_Description of the task_: The whole listing that follows is to be restated word for word, images excluded.

_Dataset content_:
◇ ◇ ◇ ◇
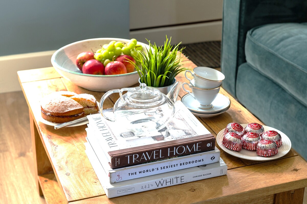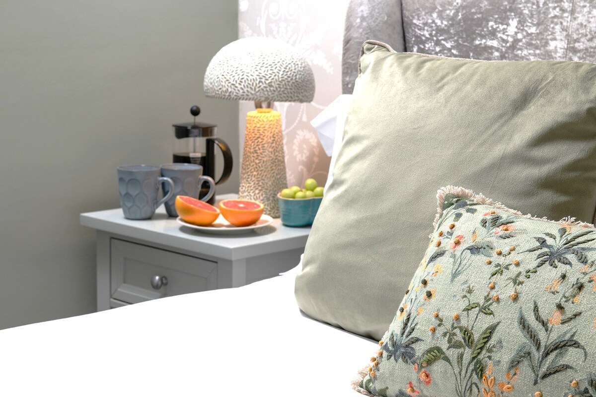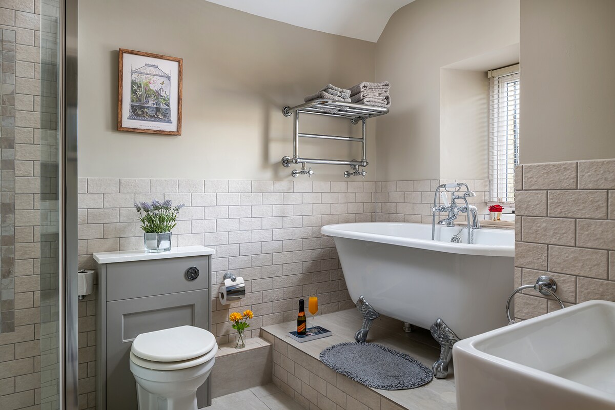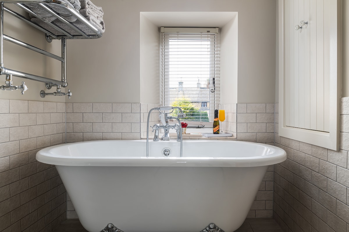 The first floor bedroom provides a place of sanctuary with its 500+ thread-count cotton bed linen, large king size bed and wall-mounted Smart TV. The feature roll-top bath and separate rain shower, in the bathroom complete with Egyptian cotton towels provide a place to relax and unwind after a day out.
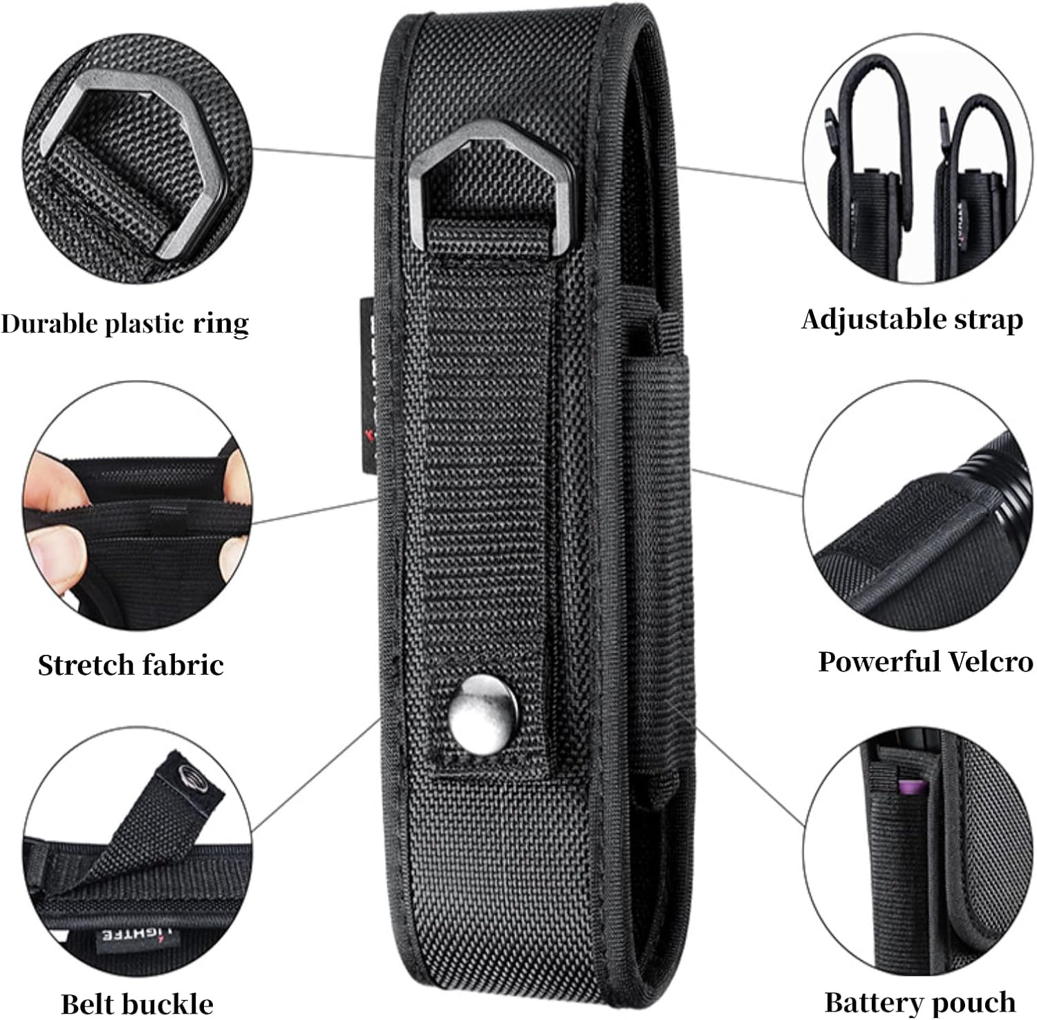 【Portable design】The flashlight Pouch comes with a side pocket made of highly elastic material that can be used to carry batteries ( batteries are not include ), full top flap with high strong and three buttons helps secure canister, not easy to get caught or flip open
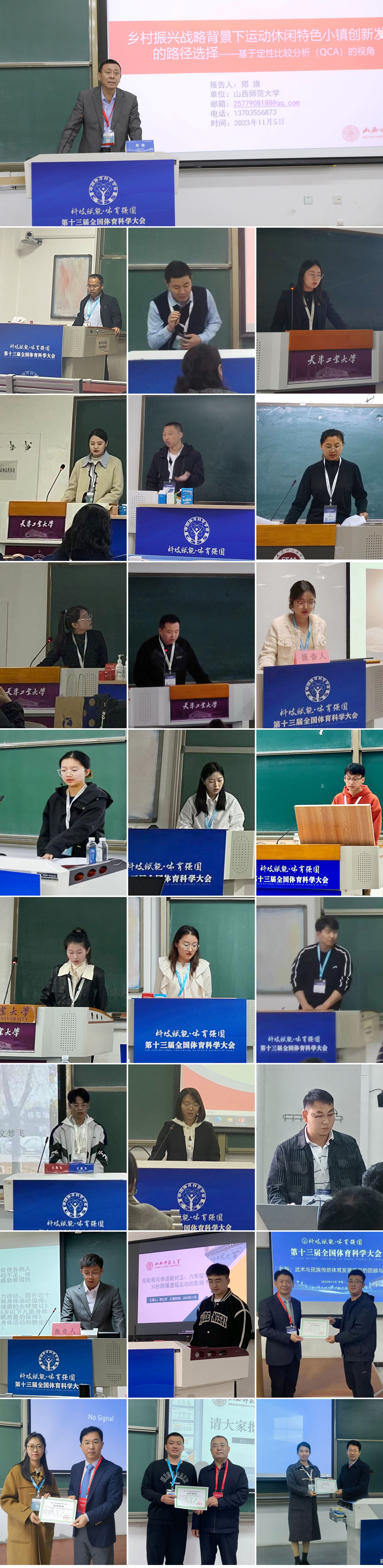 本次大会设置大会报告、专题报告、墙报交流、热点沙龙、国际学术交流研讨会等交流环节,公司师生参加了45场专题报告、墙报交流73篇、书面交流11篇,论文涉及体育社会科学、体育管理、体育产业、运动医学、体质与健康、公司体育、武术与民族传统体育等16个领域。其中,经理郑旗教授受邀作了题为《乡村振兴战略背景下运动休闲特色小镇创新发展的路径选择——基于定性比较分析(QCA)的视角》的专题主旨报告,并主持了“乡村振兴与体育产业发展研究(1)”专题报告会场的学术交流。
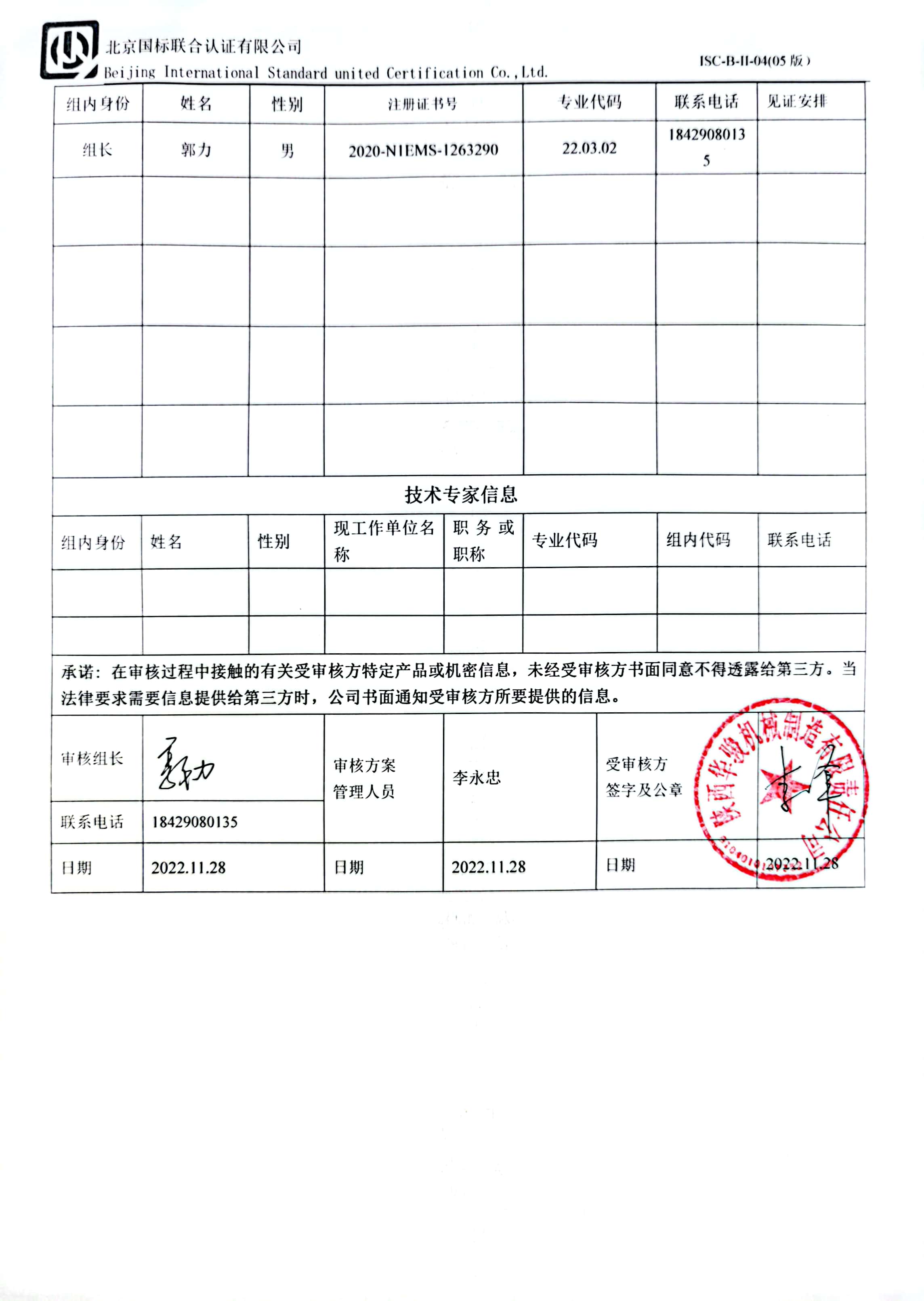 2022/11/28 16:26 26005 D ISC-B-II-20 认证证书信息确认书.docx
◇ ◇ ◇ ◇
_The completed task_:
 The first floor bedroom provides a place of sanctuary with its 500+ thread-count cotton bed linen, large king size bed and wall-mounted Smart TV. The feature roll-top bath and separate rain shower, in the bathroom complete with Egyptian cotton towels provide a place to relax and unwind after a day out.
 【Portable design】The flashlight Pouch comes with a side pocket made of highly elastic material that can be used to carry batteries ( batteries are not include ), full top flap with high strong and three buttons helps secure canister, not easy to get caught or flip open
 本次大会设置大会报告、专题报告、墙报交流、热点沙龙、国际学术交流研讨会等交流环节,公司师生参加了45场专题报告、墙报交流73篇、书面交流11篇,论文涉及体育社会科学、体育管理、体育产业、运动医学、体质与健康、公司体育、武术与民族传统体育等16个领域。其中,经理郑旗教授受邀作了题为《乡村振兴战略背景下运动休闲特色小镇创新发展的路径选择——基于定性比较分析(QCA)的视角》的专题主旨报告,并主持了“乡村振兴与体育产业发展研究(1)”专题报告会场的学术交流。
 2022/11/28 16:26 26005 D ISC-B-II-20 认证证书信息确认书.docx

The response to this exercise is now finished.